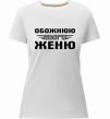 Жіноча преміум-футболка власного виробництва приталеного крою. Виготовлена з якісної тканини (95% бавовна, 5% еластан) — щільна, м'яка та приємна до тіла. Принт Обожнюю свого Женю можна розмістити на грудях, спині або рукаві.
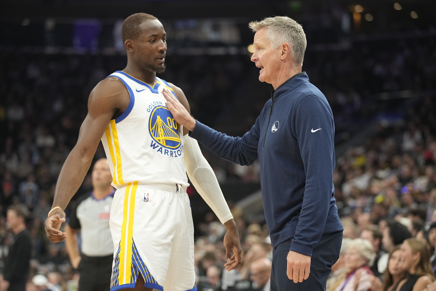 3月22日讯 在这场注定要被铭记的比赛中,勇士以110-126惨遭老鹰击败。赛后,勇士主教练科尔接受了记者的采访,谈到了球队中新星库明加的“发展动态”。
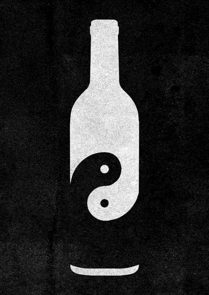 "En grafisk och stilren design i svart och vitt med symbolen för Yin och Yang."
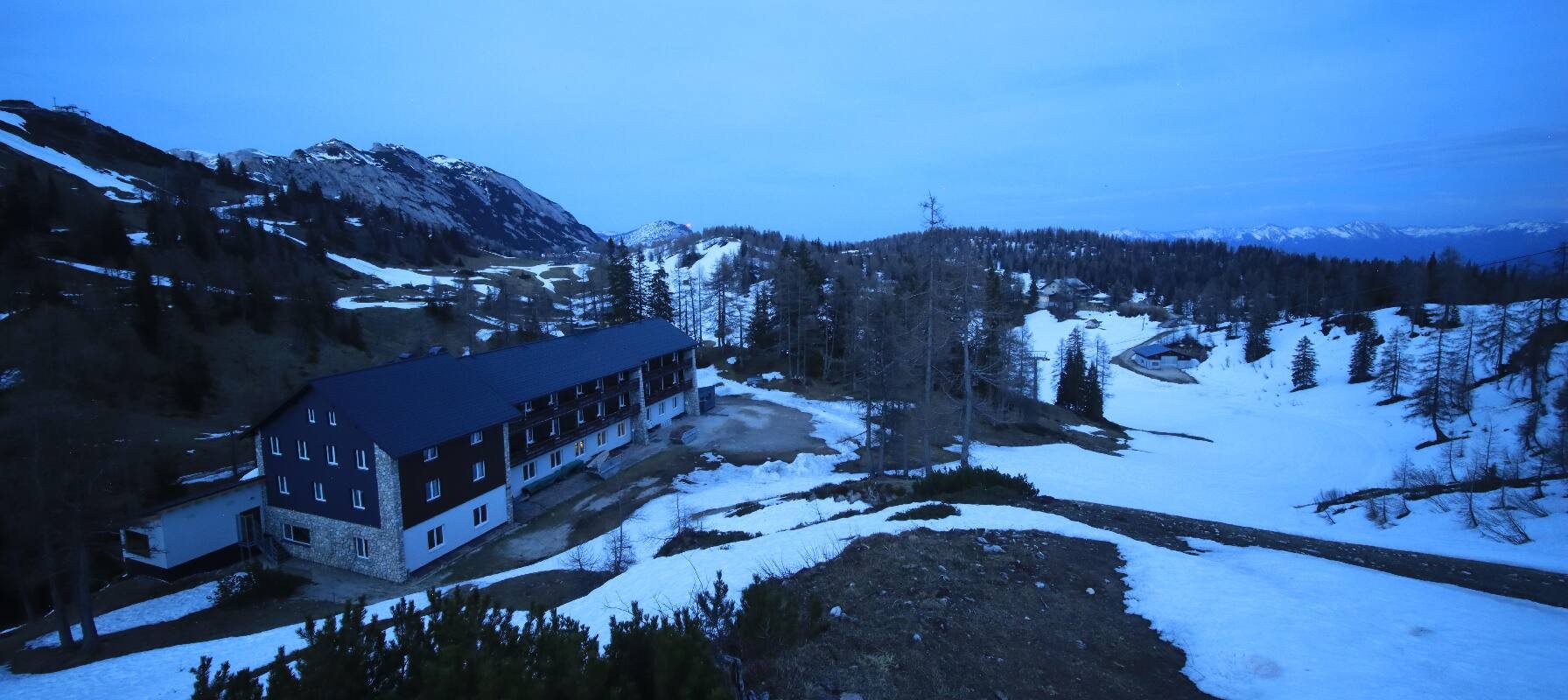 Archived webcam image showing Tauplitz - Haus Alpin at the Lawinenstein chairlift on 27 Apr 2026 at 20:22 19:00
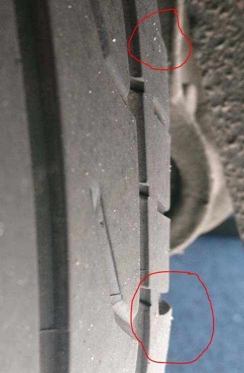 Renkaassa on jonkin verran pystykkäistä heittoa, mutta mistä tuo kulmikkuus voisi johtua? Onko mahdollisesti puslat vaihtokunnossa vai voiko sylinterin vuoto aiheuttaa tuollaista epätasaista kulumaa? Vai onkohan renkaassa jonkinlaista kudosvikaa? Niillä on ajettu n. 37000 km, joten vaihtoon ne menee viimeistään keväällä.
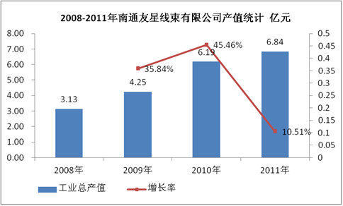 图表 3:2008-2011年南通友星线束有限公司产值统计 亿元
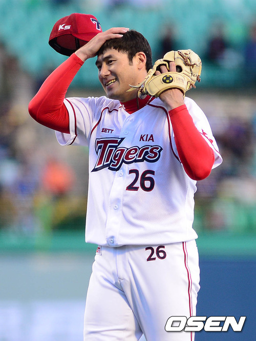30일 오후 군산 월명종합운동장 야구장에서 열린 '2012 팔도 프로야구' KIA 타이거즈와 롯데 자이언츠의 경기 4회초 2사 1루 홍성흔의 타석, 서재응이 공을 바꿔 달라며 구심에게 요청을 하며 미소를 짓고 있다.
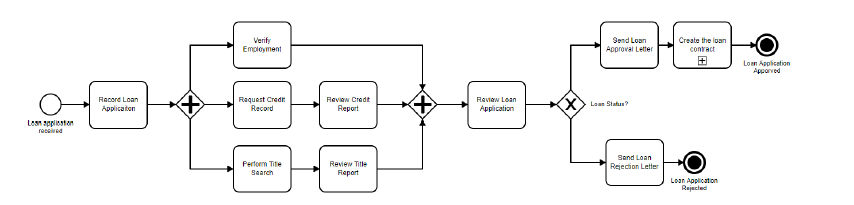 The loan request process starts when the customer submits a loan application. The bank then reviews the application. Regardless of whether the loan request is approved or not, a letter is sent to inform the customer of the decision. If the request is approved, the loan contract is created.
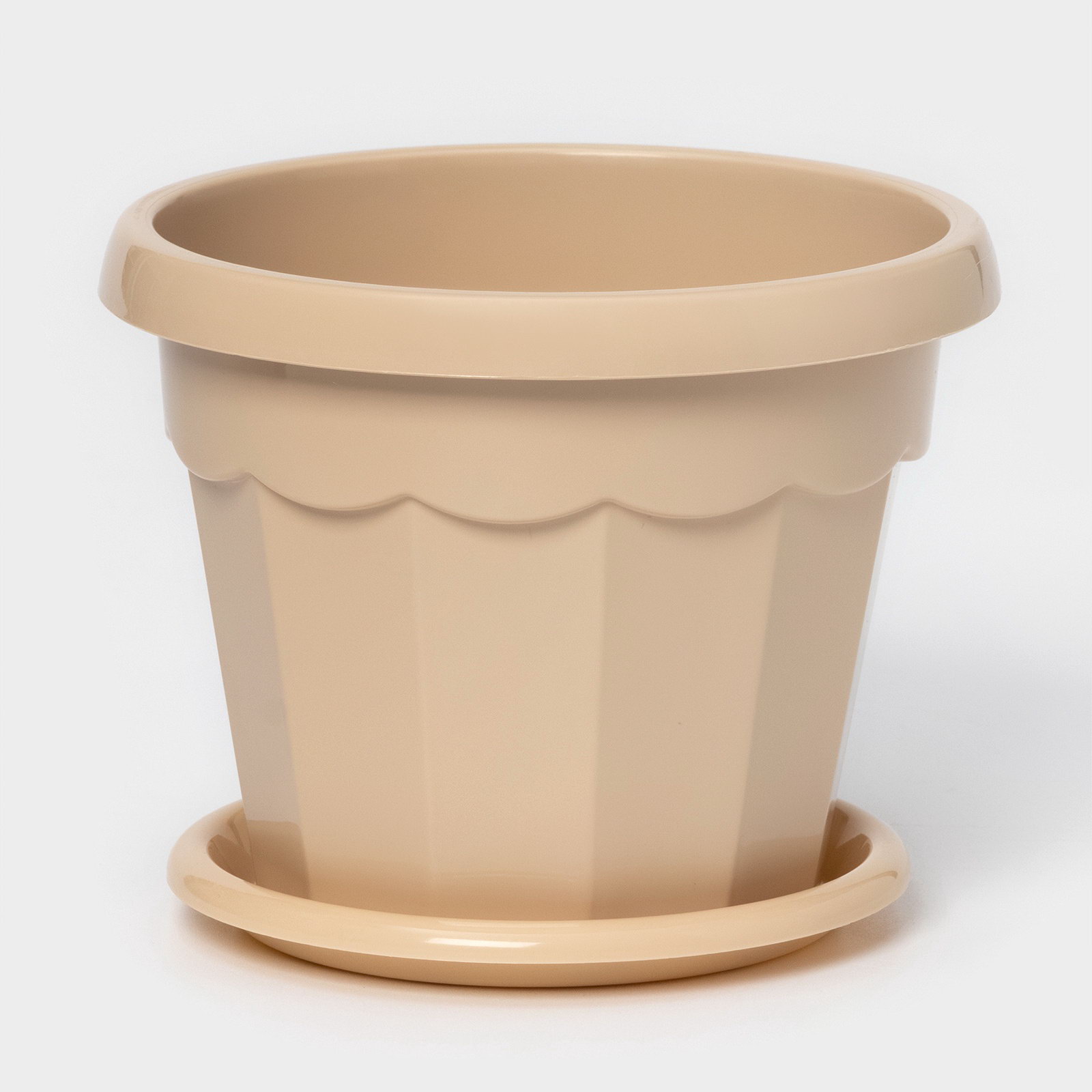 Горшок для цветов с поддоном "Эрика", 0.7 л, цвет пудровый, 13х13х10 см., Доляна, Россия
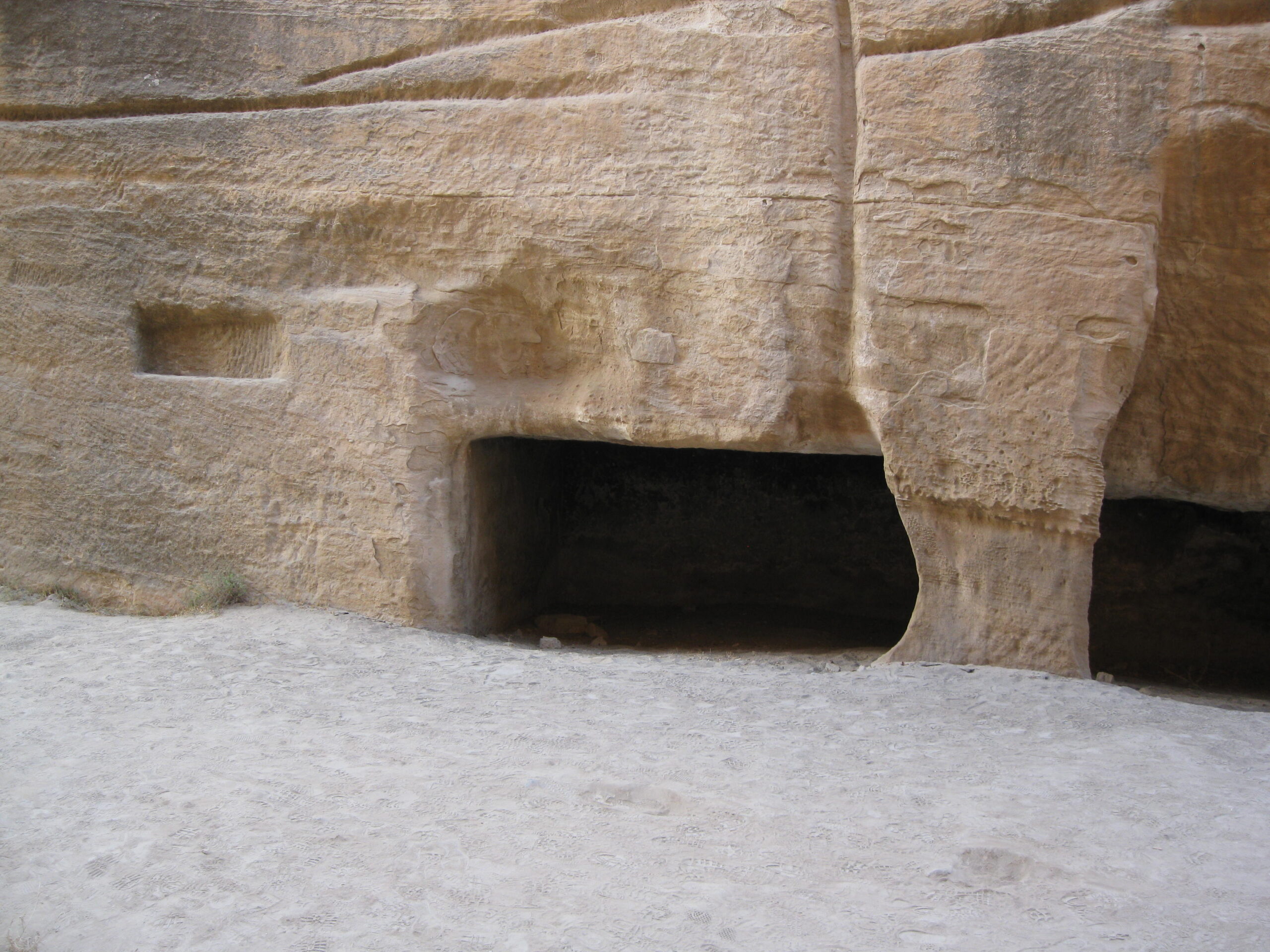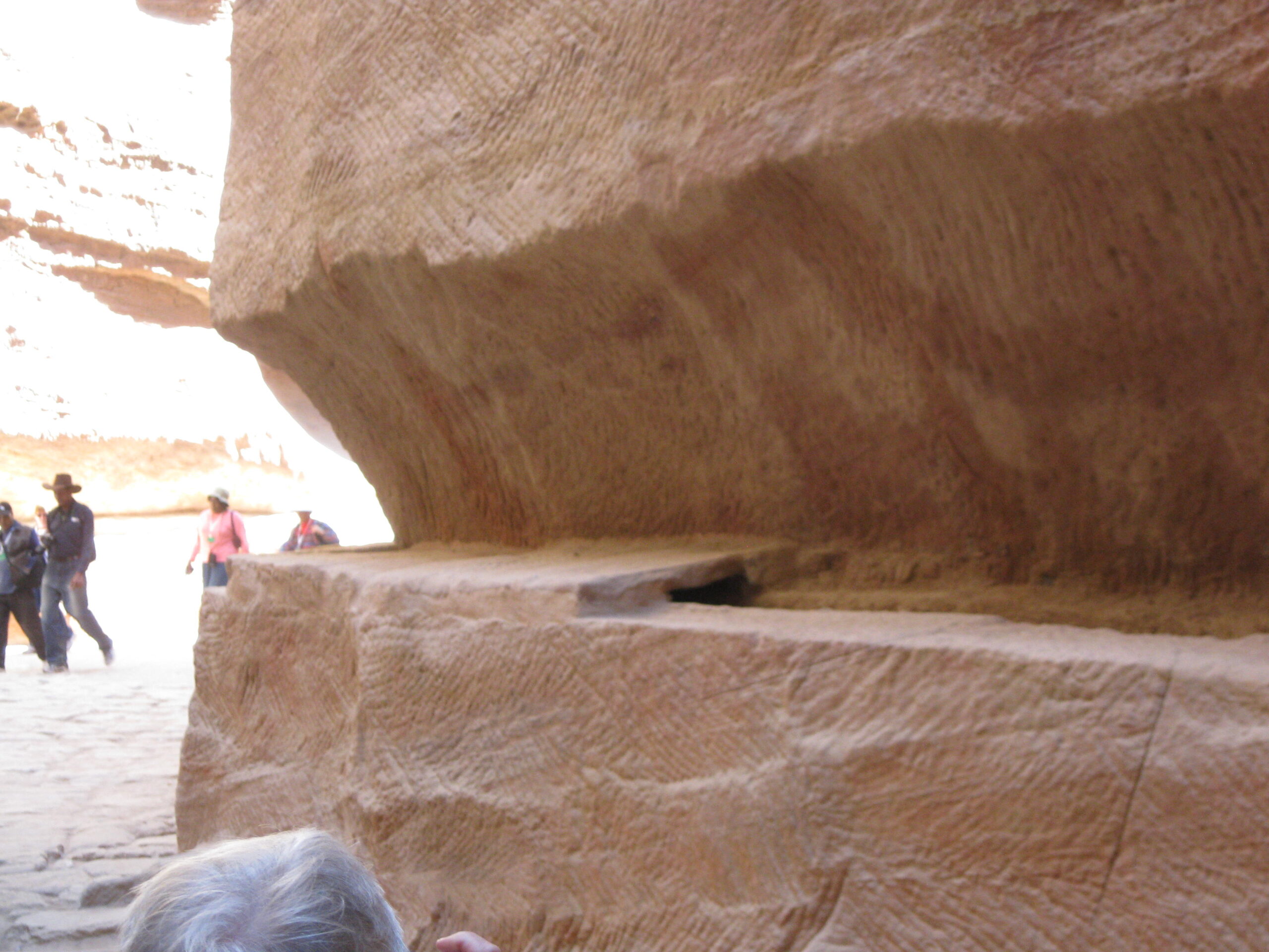 Petra had an amazing water distribution system hidden in the rock. When the erosion and damage occurred, it uncovered the secret. There was a clay lined trough hidden in the left side wall of the passage (clay lined to prevent seepage into the surrounding relatively porous rock), carefully covered with fitted rock pieces to make it look inconspicuous. This water supply was extended right back to a deep well a short distance away. Enemies didn’t know the source, couldn’t interrupt or poison it, so the city could live for a long time, even under siege.
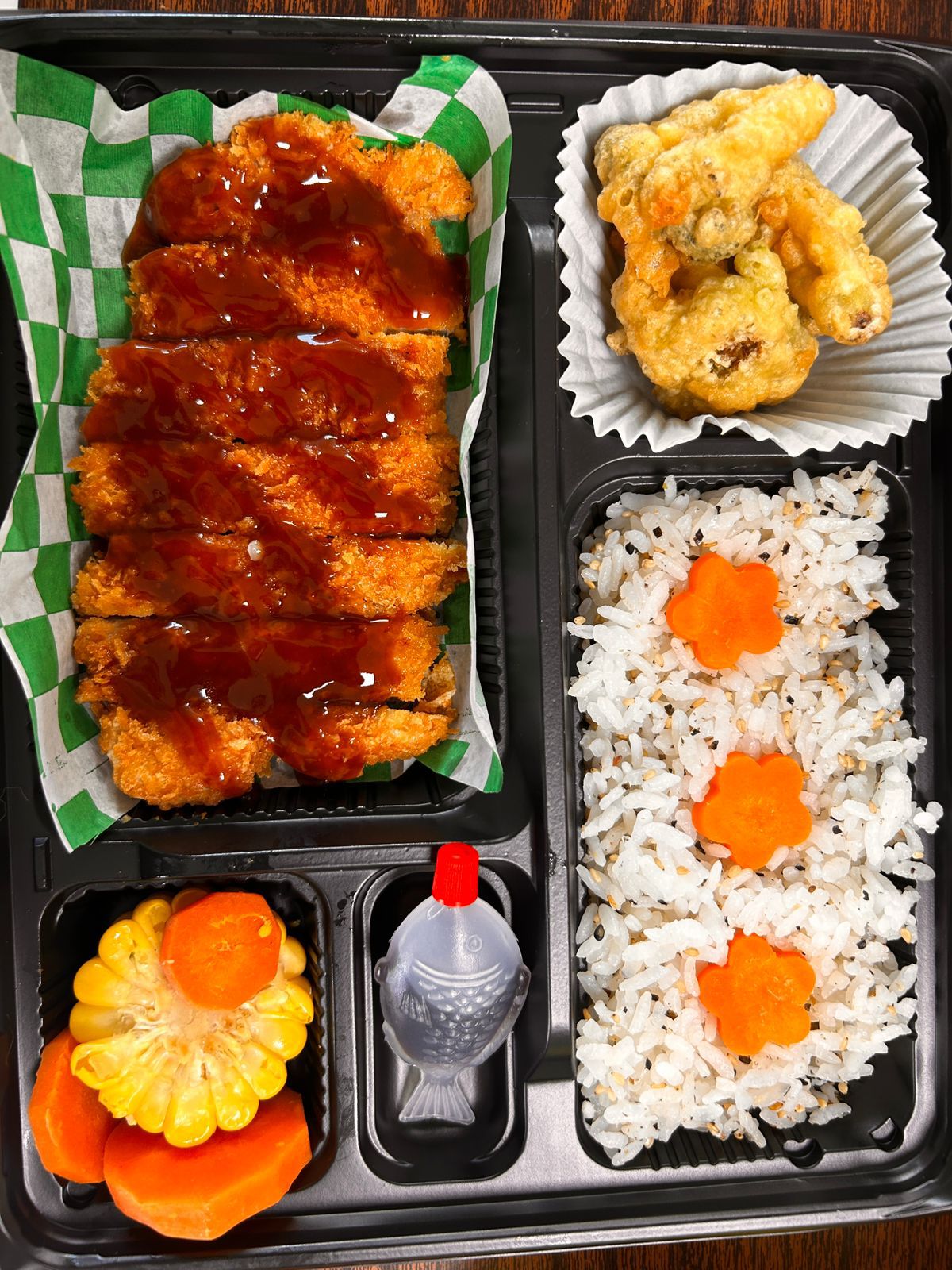 Delicioso bowl de arroz con un topping de crujiente lomo de cerdo empanizado, huevo y salsa especial.

----

_Requirement:_ In your copy of the listing above, every line must match exactly and no picture may appear.

_Solution to this task:_
 Жіноча преміум-футболка власного виробництва приталеного крою. Виготовлена з якісної тканини (95% бавовна, 5% еластан) — щільна, м'яка та приємна до тіла. Принт Обожнюю свого Женю можна розмістити на грудях, спині або рукаві.
 3月22日讯 在这场注定要被铭记的比赛中,勇士以110-126惨遭老鹰击败。赛后,勇士主教练科尔接受了记者的采访,谈到了球队中新星库明加的“发展动态”。
 "En grafisk och stilren design i svart och vitt med symbolen för Yin och Yang."
 Archived webcam image showing Tauplitz - Haus Alpin at the Lawinenstein chairlift on 27 Apr 2026 at 20:22 19:00
 Renkaassa on jonkin verran pystykkäistä heittoa, mutta mistä tuo kulmikkuus voisi johtua? Onko mahdollisesti puslat vaihtokunnossa vai voiko sylinterin vuoto aiheuttaa tuollaista epätasaista kulumaa? Vai onkohan renkaassa jonkinlaista kudosvikaa? Niillä on ajettu n. 37000 km, joten vaihtoon ne menee viimeistään keväällä.
 图表 3:2008-2011年南通友星线束有限公司产值统计 亿元
30일 오후 군산 월명종합운동장 야구장에서 열린 '2012 팔도 프로야구' KIA 타이거즈와 롯데 자이언츠의 경기 4회초 2사 1루 홍성흔의 타석, 서재응이 공을 바꿔 달라며 구심에게 요청을 하며 미소를 짓고 있다.
 The loan request process starts when the customer submits a loan application. The bank then reviews the application. Regardless of whether the loan request is approved or not, a letter is sent to inform the customer of the decision. If the request is approved, the loan contract is created.
 Горшок для цветов с поддоном "Эрика", 0.7 л, цвет пудровый, 13х13х10 см., Доляна, Россия
 Petra had an amazing water distribution system hidden in the rock. When the erosion and damage occurred, it uncovered the secret. There was a clay lined trough hidden in the left side wall of the passage (clay lined to prevent seepage into the surrounding relatively porous rock), carefully covered with fitted rock pieces to make it look inconspicuous. This water supply was extended right back to a deep well a short distance away. Enemies didn’t know the source, couldn’t interrupt or poison it, so the city could live for a long time, even under siege.
 Delicioso bowl de arroz con un topping de crujiente lomo de cerdo empanizado, huevo y salsa especial.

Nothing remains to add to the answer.